[Task brief]:
Below are records with pictures. Transcribe exactly, and only, the lines from the line with "寝ている間だけでなくリラック" to the line with "FOTOSOK 71'' Tall", both ends included, but not the pictures.

Source records:

■ ■ ■ ■ ■

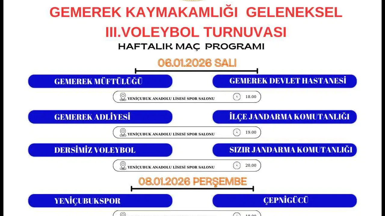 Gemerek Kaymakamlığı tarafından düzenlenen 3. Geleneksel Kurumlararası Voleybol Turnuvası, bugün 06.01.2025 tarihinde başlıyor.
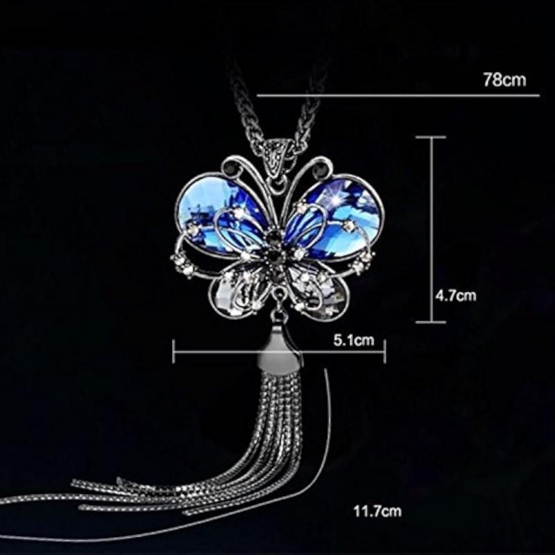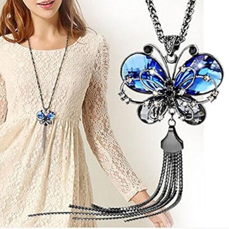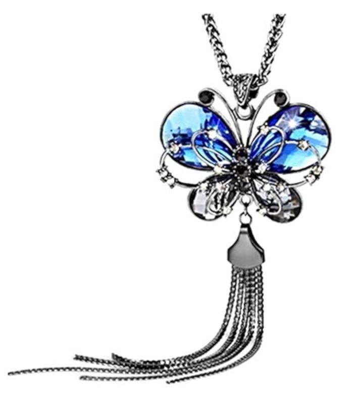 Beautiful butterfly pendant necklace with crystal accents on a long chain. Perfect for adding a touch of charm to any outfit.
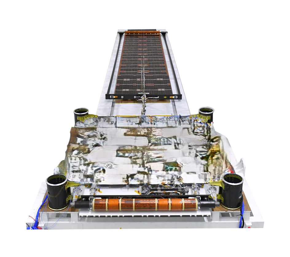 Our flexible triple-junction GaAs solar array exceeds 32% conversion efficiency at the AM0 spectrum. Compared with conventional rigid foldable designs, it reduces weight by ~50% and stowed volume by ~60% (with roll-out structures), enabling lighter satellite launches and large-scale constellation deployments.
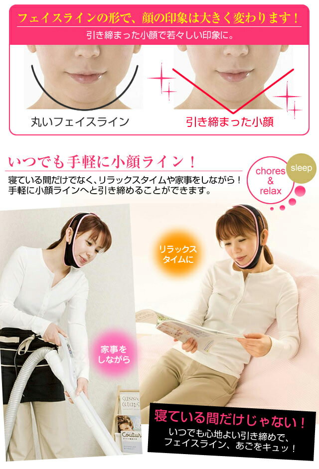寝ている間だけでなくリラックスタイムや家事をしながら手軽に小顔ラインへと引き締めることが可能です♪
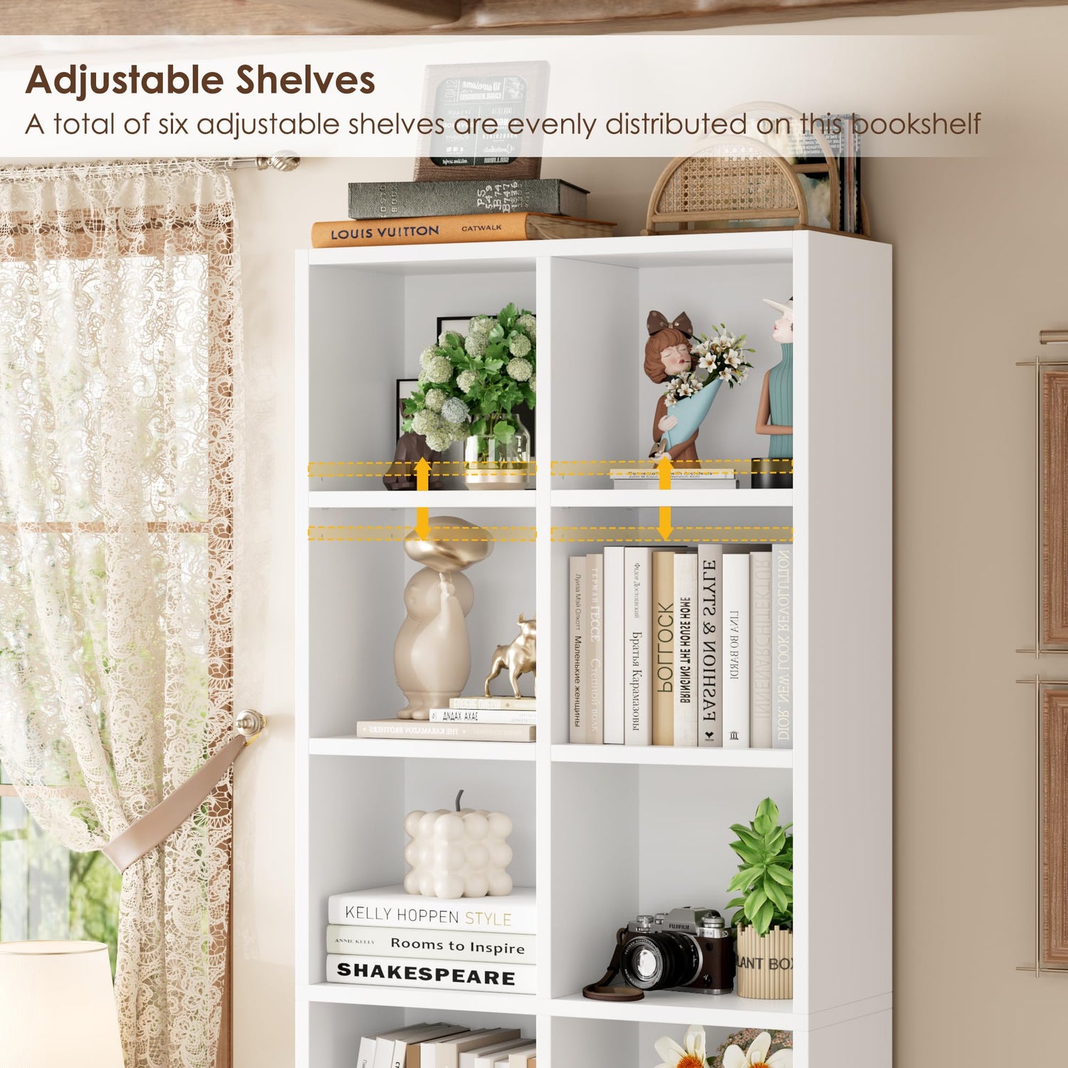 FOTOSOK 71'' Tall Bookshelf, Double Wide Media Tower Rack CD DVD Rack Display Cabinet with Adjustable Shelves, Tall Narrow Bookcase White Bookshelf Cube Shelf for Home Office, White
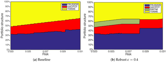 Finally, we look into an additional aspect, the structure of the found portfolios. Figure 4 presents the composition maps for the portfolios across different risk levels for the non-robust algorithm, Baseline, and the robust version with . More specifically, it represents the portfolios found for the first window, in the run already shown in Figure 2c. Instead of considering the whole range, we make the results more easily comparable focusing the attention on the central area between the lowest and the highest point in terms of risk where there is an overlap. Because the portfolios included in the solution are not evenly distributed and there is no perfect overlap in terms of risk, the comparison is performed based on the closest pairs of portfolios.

■ ■ ■ ■ ■

[Result of this exercise]:
寝ている間だけでなくリラックスタイムや家事をしながら手軽に小顔ラインへと引き締めることが可能です♪
 FOTOSOK 71'' Tall Bookshelf, Double Wide Media Tower Rack CD DVD Rack Display Cabinet with Adjustable Shelves, Tall Narrow Bookcase White Bookshelf Cube Shelf for Home Office, White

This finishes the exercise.